Logan Marshall Green makes an auspicious directorial debut aided by the ever-impressive Ethan Hawke

Time changes. It changes people, communities, even societies. Sometimes that change comes too slowly for some people. Such is the case for Russell Earl Millings, a victim of the harsh ‘three strikes’ style system that caught up many minor offenders in the ‘90s, subjecting them to harsh penalties for cumulative minor infractions. It failed as a deterrent, and only succeeded in destroying the lives of many people you’d hesitate to call criminals. Adopt a Highway is not a film preoccupied with delving into that flawed system, but exploring the aftermath in terms of one individual. Russell Earl Millings is a man out of time, having to reintegrate to a modern world he doesn’t recognize after serving 21 years in prison for possessing an ounce of marijuana. He finds employment cleaning pots in a burger joint, a public transport ride away from his room in a crappy motel where after a long shift he eats his burger and condiment packets while watching trashy TV. And repeat. It’s a cycle his parole officer deems necessary, having to prove himself one again as if serving his time and getting out of prison wasn’t enough. Millings lives in fear of putting a step wrong and ending up back behind bars, unaware that his happening across a baby in a dumpster one evening will set in motion a series of events that breaks him out of this tragic cycle.

The rather poetic inspiration for the title is a little buried in the opening credits sequence. Paper clippings allude to the charitable work Millings undertook as a youth. He’s a decent man whose life has become defined by the little mistakes he has made, the failure to turn over this baby to the authorities being the latest. Unsurprisingly, the prospect of calling the police terrifies him; for him it’s an opportunity to foster a bond with someone, a man desperate to make a connection in this alien world. It’s a theme that persists throughout. People having paid the price with incarceration are often incorrectly prepared to return to society. In a way, it feels like a superfluous element, Hawke’s awkward return to the outside world already being of enough interest, but for the movie as a whole the baby on board segment does provide some tender and comedic moments, before revealing itself as the catalyst to push Millings onward on a slow and soulful journey as he tries to find direction and a connection.

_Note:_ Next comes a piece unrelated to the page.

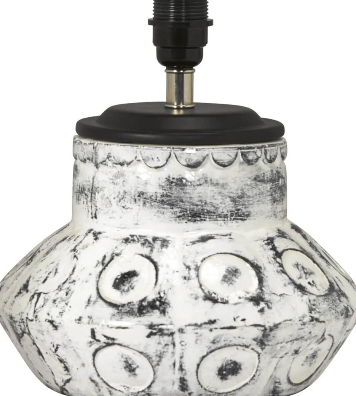Denna lampfot i keramik Från välkända PR-Home ger en levande känsla i en inredning med strama detaljer.

Marshall Green is indeed blessed to have cinematic stalwart Ethan Hawke in the lead role. Even by his impressive standards, this is a remarkable turn. He instills Millings with a childish innocence juxtaposed against the features of a weathered man. Withdrawn and socially awkward, it speaks to a sadness and a lingering effect of his incarceration. So subdued and befuddled from the start, it makes his small facial inflections matter all the more impactful, from the simple joy of a day at the beach, reading to baby Ella, to the stung response on his face when an internet café employee blithely comments that “marijuana is pretty much legal now.” To Hawke’s credit that there are hints of ambiguity, you empathize and feel the dejection and frustration. Will he stay the course or “slide back”? What has twenty years in jail done to this man, and what might the fear of returning behind bars drive him to? This lack of predictability is a strong asset, and the film walks a line between comedy and tragedy well. The film gains texture from its various supporting characters such as Jorge Diaz as an internet cafe employee, Loni Love delights as a grocery store employee, or Elaine Hendrix as a gregarious road trip companion who sets in motion a cringe-worthy but rather sweet moment of courtship. Savannah and Everly Sucher are also adorable highlights as baby Ella. But this movies rests entirely on Ethan Hawke’s shoulders, and he delivers in every way.

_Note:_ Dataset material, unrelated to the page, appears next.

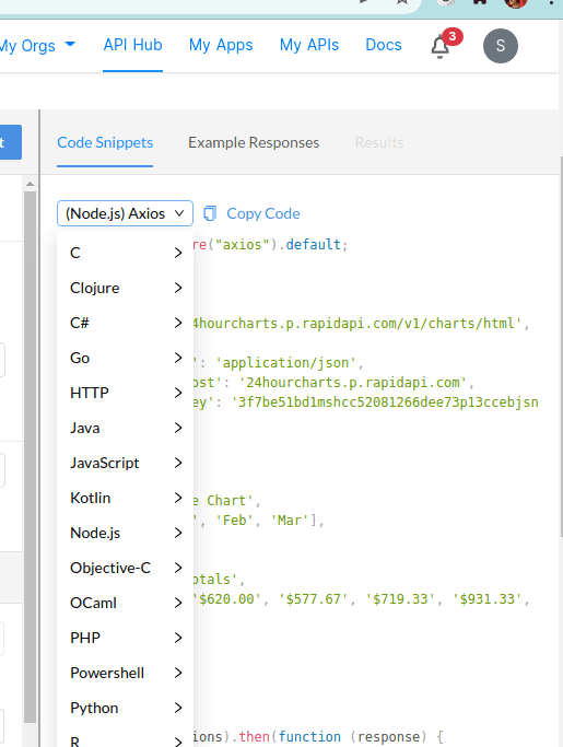 Next, you start making the API request. Just select any programming language from the list and it will show you the corresponding API syntax. You can see this screenshot below.

Adopt a Highway is an auspicious directorial debut for Logan Marshall Green (Upgrade, The Invitation), who also penned the feature. Well composed, moody shots add to a soulful tone, aided by a standout score from Jason Isbell, when it’s not slathered over scenes too liberally. While it’s admirable to shine a light on such matters, an individual as well as the flawed structure of the criminal justice system in this country, there are demographics far more crippled than a young white man from a well-off family. Granted, seeing how the life of a young white man can be taken apart this way, you can only imagine how much worse it could be for a person of color. But it is a legitimate question as to whether this was the right story for this moment in time when certain demographics are being destroyed by the justice system — stories with more urgency than this. This issue is also compounded by an ending which neatly offers Millings a path to a better life. Granted, the lingering trauma and reshaping of this man’s psyche remains, but if the story was a little rougher around the edges, it might be more compelling in itself than because of the efforts of its lead. Still, the film takes an admirably indirect path to its goals, brimming with texture and empathy. Adopt a Highway is a soulful condemnation of the justice system which even at 78 minutes does seem to ramble a little, especially in the final act. It’s a film that often feels like it’s finding its way as it goes along, which is fitting seeing as that’s the journey Millings is on too.